In this sensetive context last week's words by Rwanda's president Paul Kagame
  'We will arrest or shoot anyone posing a security threat'
were clearly meant to discourage FDLR to consider surrender. The strong symbolism, Kagamé loves sublimation, wasn't missed by the opposition.

But the FDLR surrender process is also separating sheep from goats of the Congolese political class leading up to the 2016 elections. Knowingly or not, political parties and politicians that oppose a pragmatic solution to the FDLR problem are inflicting immense damage on their brand. I'm convinced the statement
 'Nord kivu : la population est contre le cantonnement des FDLR dans sa province....et veulent qu'il rentrent chez eux au Rwanda' 
(obtained through redactrice en chef  at OASIS CONGO FM TV inNord-Kivu  @TynaDolce , Follow her!!!) by the president of North Kivu's opposition party coalition, Lumbu-Lumbu will do lasting damage to national parties like Vital Kamerhe's UNC and to the credibility of Vital Kamerhe himself.
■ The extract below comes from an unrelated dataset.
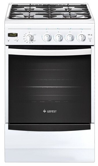 Плита газовая GEFEST 5100-03 /БЕЛ., крышка, подсв., автоматич.розж.,тайм, часы, гриль, верт.,г/к дух.,чуг. решетки/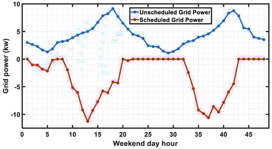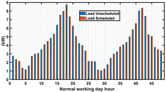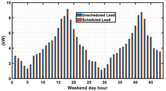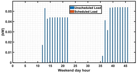 The renewable energy along with the load demand for the considered weekend days is shown in Figure 11, which are different than the considered cases as shown in Figure 6. Like normal working days, both unscheduled and scheduled cases are considered for weekend days. The unscheduled load and the load consumption for the scheduled case are shown in Figure 12 followed by the scheduled loads shown in Figure 13. From Figure 13, it is evident that the required load to be scheduled for later hours is higher in unscheduled conditions than that in scheduled cases where the load to be scheduled for later hour is zero for all hours as the difference of power is supplied by the grid. But in case of scheduling, the load is determined each hour by the objective functions.

If Congo ends up in 2016 without even a serious alternative to Joseph Kabila, it will be just as much the fault of populist politicians that didn't do their job. Now is not the time for counterproductive nonsense. It's time to build a serious political party and I would think Goma to be the ideal place for such a new force to emerge. This is a huge opportunity for any political party to break free from this North-Kivu alliance by making clear it supports a pragmatic solution to the FDLR problem. Goma's location reminds me of Cincinnati where the Republican party was born. A party that similarly emerged from a split in the Whig coalition.

UPDATE: Lambert Mende responds today:

« Il s’agit d’une opération militaire. Je n’ai pas souvenir que dans notre pays ou d’ailleurs dans quel qu’autre pays, les opérations militaires se discutent avec la société civile ou les notables »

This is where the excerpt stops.